What does Christian persecution in China look like?

China contains the world’s largest persecuted church, and under the reign of the current President, Xi Jinping, who took power in 2012, freedoms have rapidly deteriorated. China has two officially tolerated churches, the Catholic Patriotic Association (circa 10m) and the Protestant Three Self Patriotic Movement (circa 25m), but the majority worship in Protestant “house churches” and live in a legal limbo – they are illegal though the state tolerates them, but pressures them to register and submit to more control. Control is the number one factor influencing Christian persecution in China.
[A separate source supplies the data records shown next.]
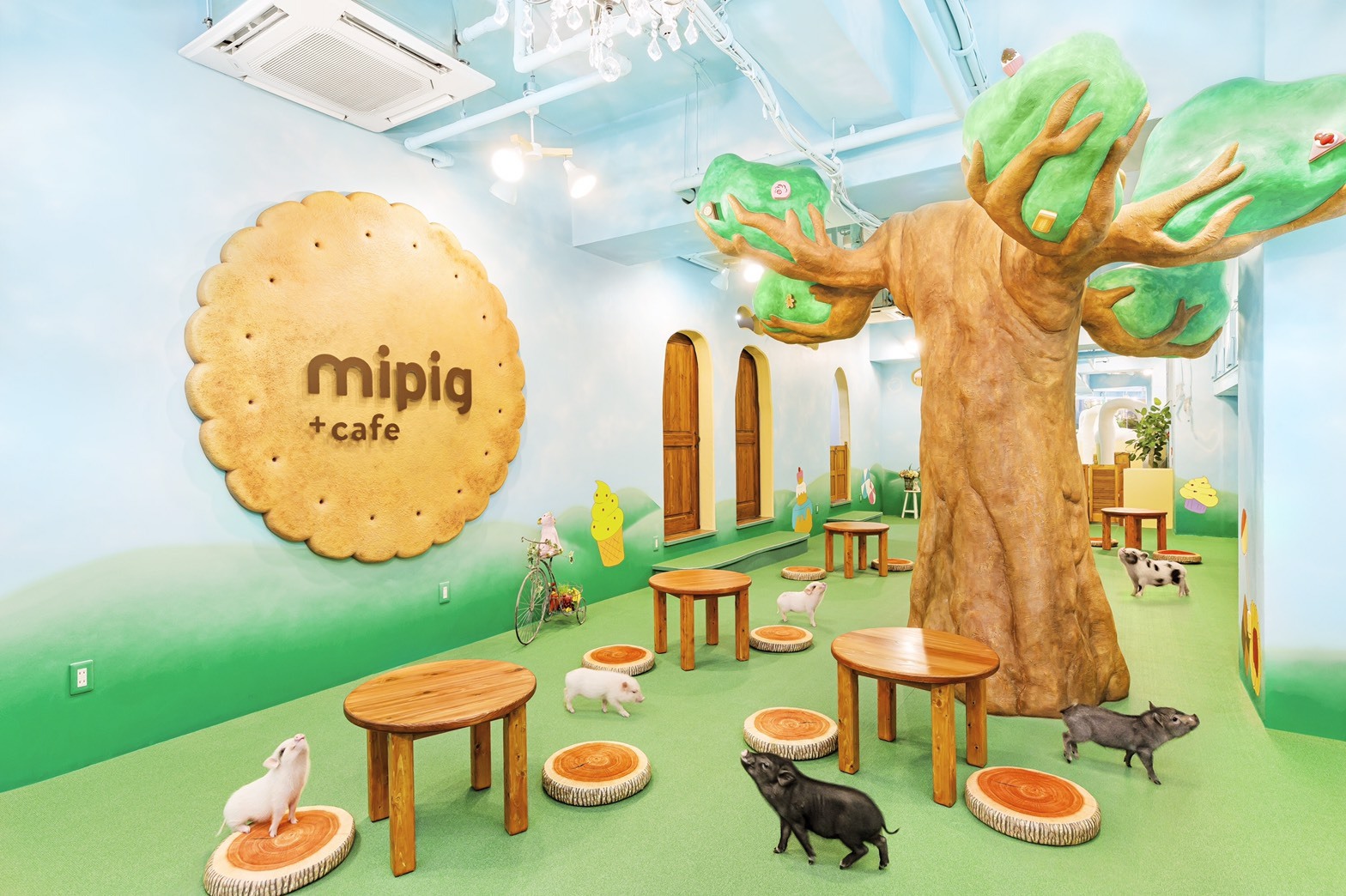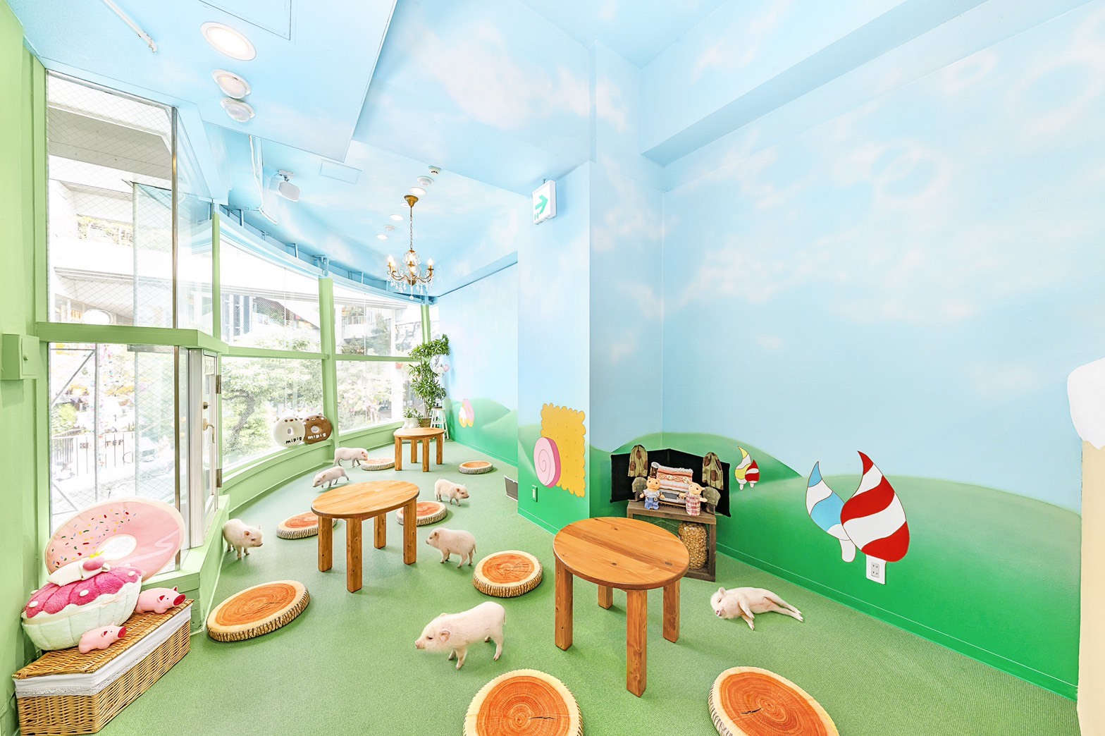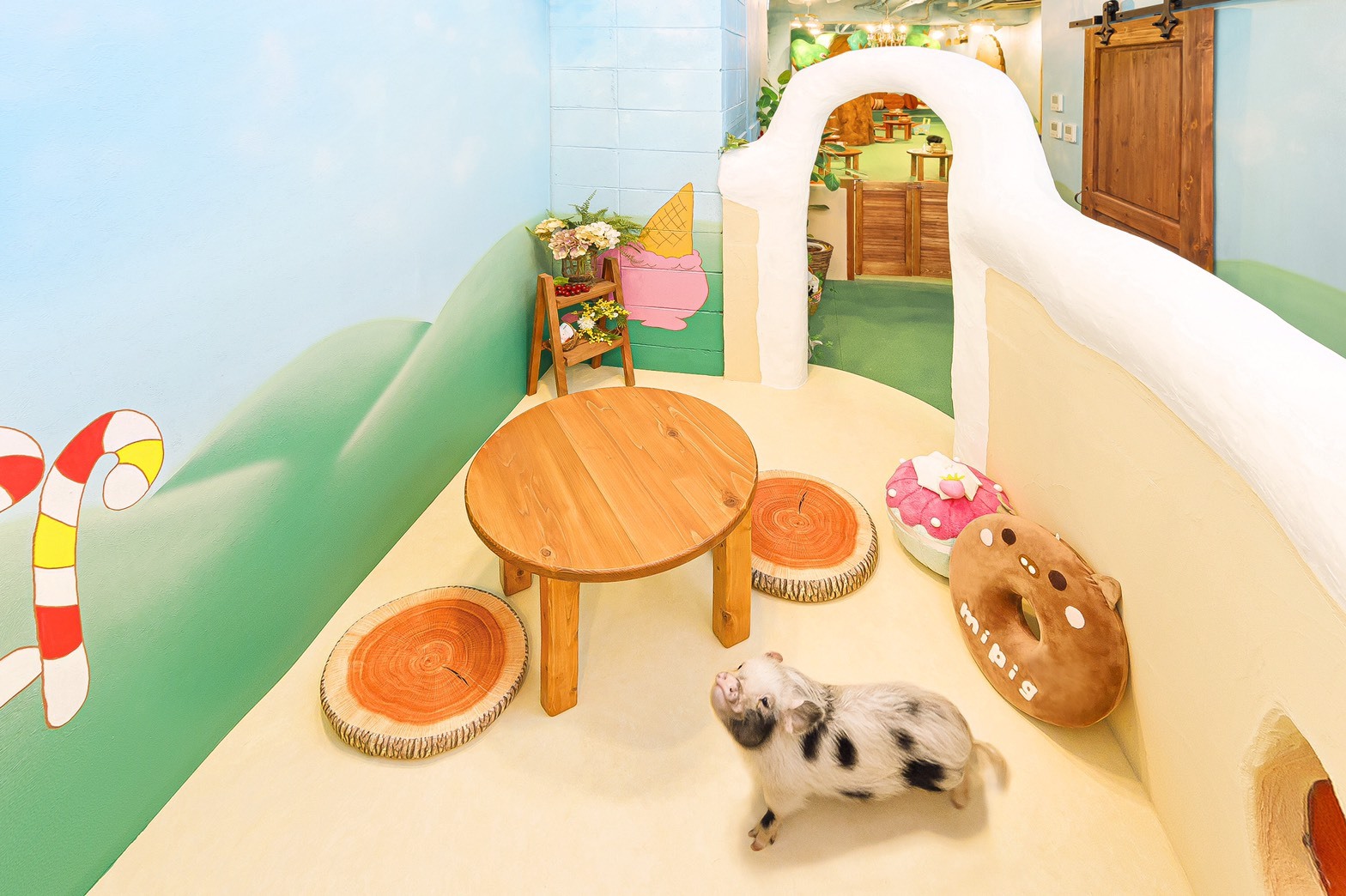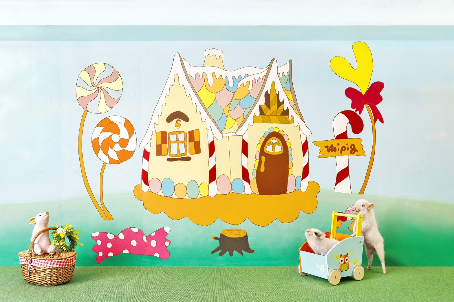 「お菓子のおうち」がコンセプトで、まるでヘンゼルとグレーテルの絵本の世界にいる気分で、ブタさんとのお時間をお楽しみいただけます。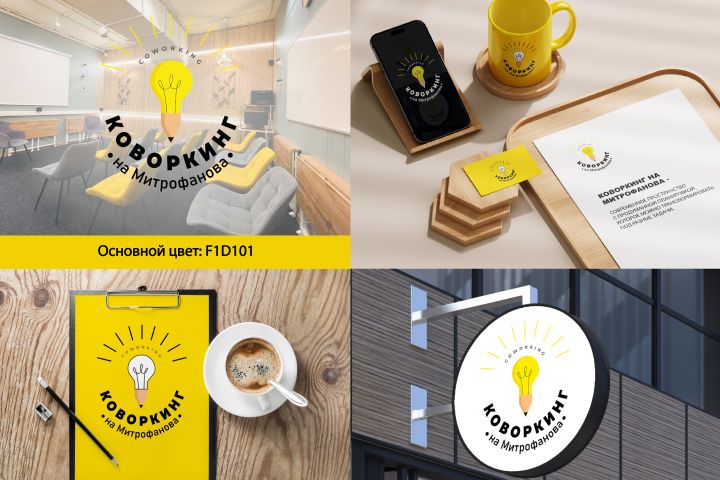 В рамках фирменного стиля для делового пространства "Коворкинг на Митрофанова" был разработан логотип, вывеска, подобраны фирменные цвета и фирменные шрифты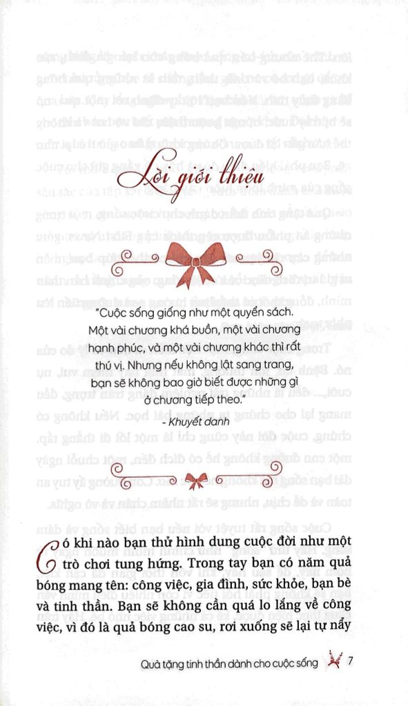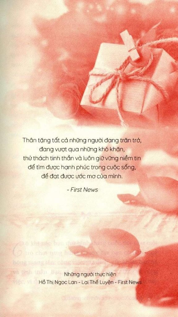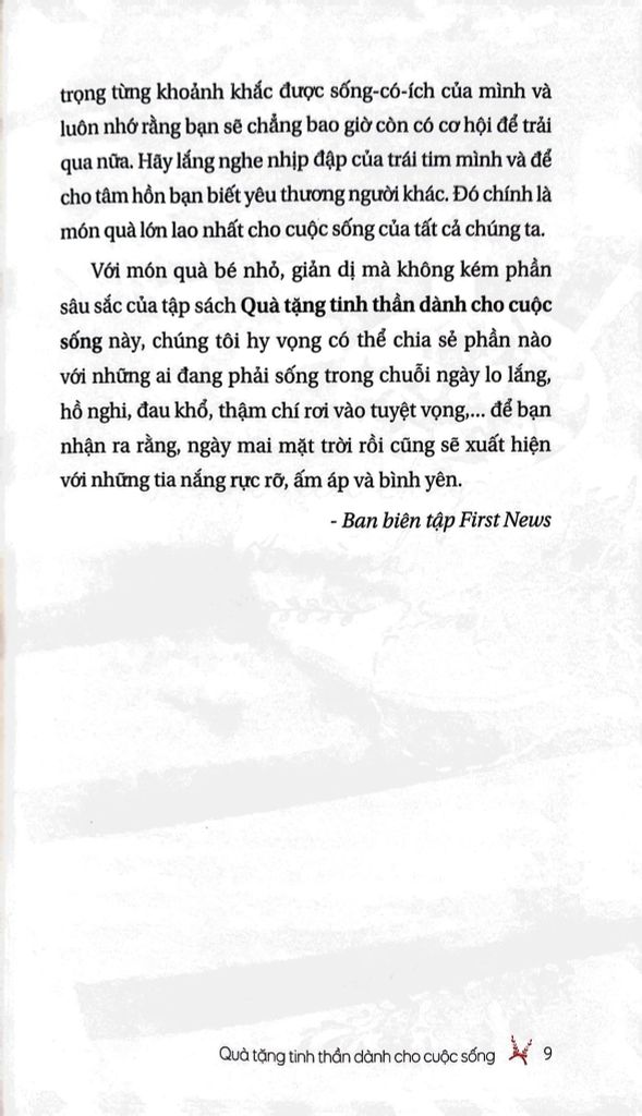 Với những “món quà” bé nhỏ, giản dị mà không kém phần sâu sắc trong Quà tặng Tinh thần cho Cuộc sống, chúng tôi hy vọng có thể đồng cảm, chia sẻ với những ai đang phải sống trong chuỗi ngày lo lắng, hồ nghi, khổ đau, thậm chí rơi vào tuyệt vọng… để bạn nhận ra rằng, ngày mai mặt trời rồi cũng sẽ xuất hiện với những tia nắng rực rỡ, ấm áp và bình yên.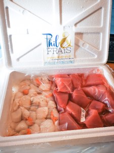 Il y a quelques semaines, j’ai eu la chance de gagner par tirage au sort lors du concours instagram de sourires et papilles un joli colis de chez Phil & frais. Il était composé d’un kg de noix de Saint-Jacques de Normandie et d’un kg de suprême de thon.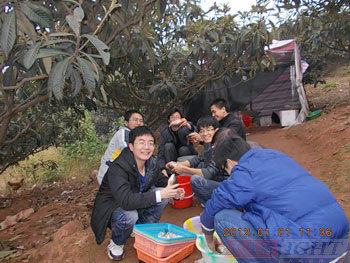 2012年(nian)1月1日(ri),大(da)家都早早的(de)(de)如(ru)約來(lai)(lai)到車(che)站,分為兩批人馬分別趕車(che)到了龍泉汽車(che)總(zong)站匯(hui)合。然后全體學員(yuan)一(yi)起坐上(shang)趕往百工(gong)堰的(de)(de)車(che)子(zi)。全車(che)幾乎都是我(wo)們華清遠見的(de)(de)學員(yuan),伴隨著大(da)家一(yi)路上(shang)的(de)(de)歡呼雀躍(yue),不知不覺中就來(lai)(lai)到了目的(de)(de)地。半邊山(shan)的(de)(de)老板真是熱情,我(wo)們剛剛下車(che),就看見他騎了個電(dian)瓶車(che)來(lai)(lai)為我(wo)們載食(shi)材。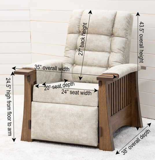 The Craftsman Mission Wallhugger Recliner features wide, comfortable wood arms with covers. The push back style recliner also has a flip-out foot rest. Order this solid wood piece in your choice of wood and fabric color. For more details, contact a member of our team at Upstate Amish Furniture Gallery.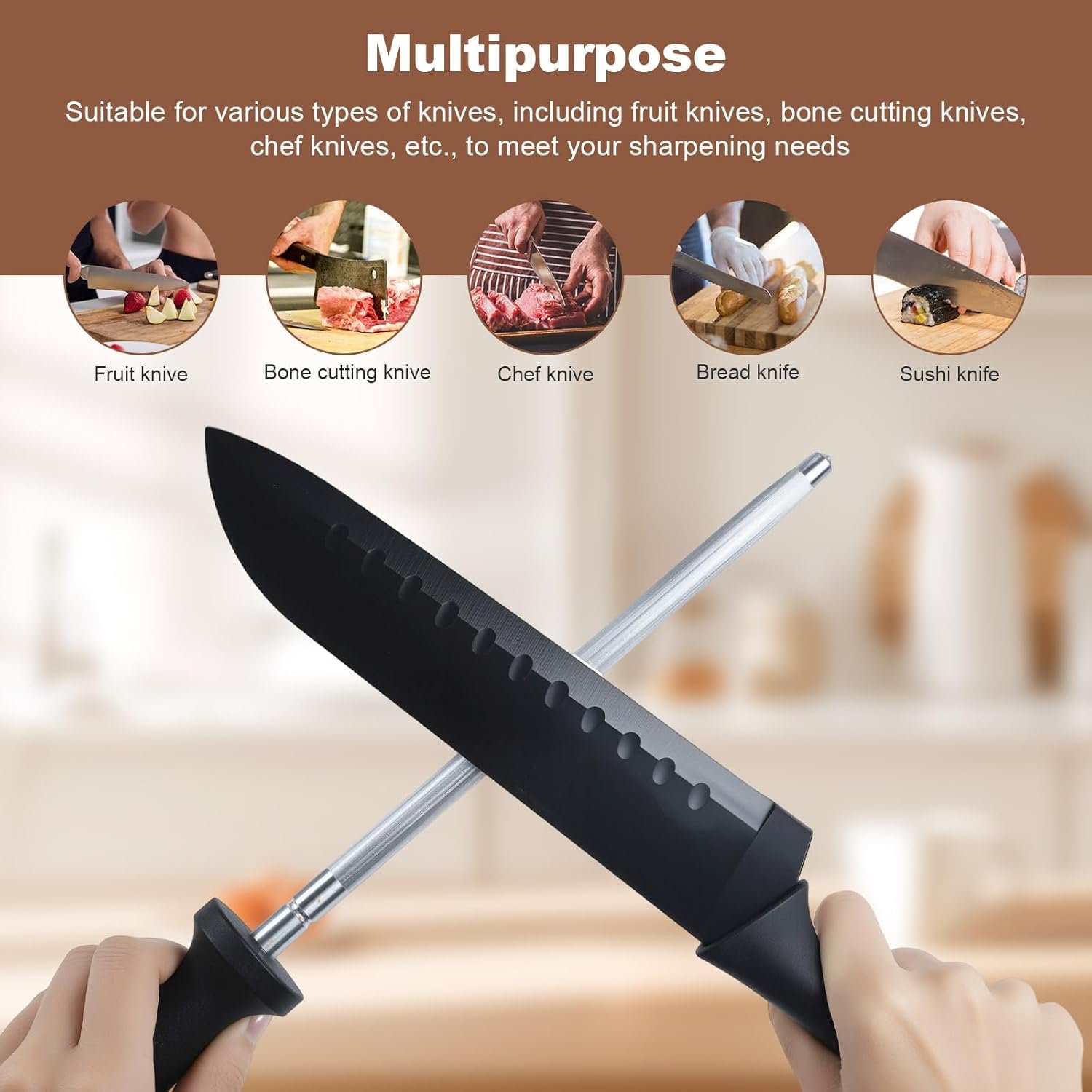 Multipurpose: Our honing steel rod are suitable for various types of knives, such as cartilage knives, bone cutting knives, small kitchen knives, fruit knives, long fruit knives, chef knives, etc., to meet your sharpening needs and make the kitchen more convenient

But all churches are now under great pressure to praise the thought of President Xi, and express an ideologically biased version of the Gospel that lauds the legitimacy and achievements of the Communist party. New directives from 2018 require churches to sever links with overseas, and the ban on educating children in the faith was strengthened. In addition, China is not called the state where “big brother meets big data” for nothing. Christians are under surveillance like never before though their phones and their attitudes and actions fed into a social credit system that ranks loyalty to the ruling regime.

Christian leaders who refuse to parrot the government line can expect lengthy terms of imprisonment; bibles can be bought at TSPM churches but are not on general sale, and Christian literature is harder to find, even online. Still, in the words of a Beijing pastor, “It’s because we have to pay a cost that the Gospel grows – people are curious as to who this Jesus is we are prepared to risk all to follow.”

Leadership:

President Xi Jinping

Population

1.412 B

Christian pop.

135 M

“The Chinese Communist Party has 92 million member who no longer believe their founding texts; the Chinese church has 100 million members who read their Bibles every day and seek to live out those precepts in the name of Christ – which do you think is winning now, and will win in the long term?”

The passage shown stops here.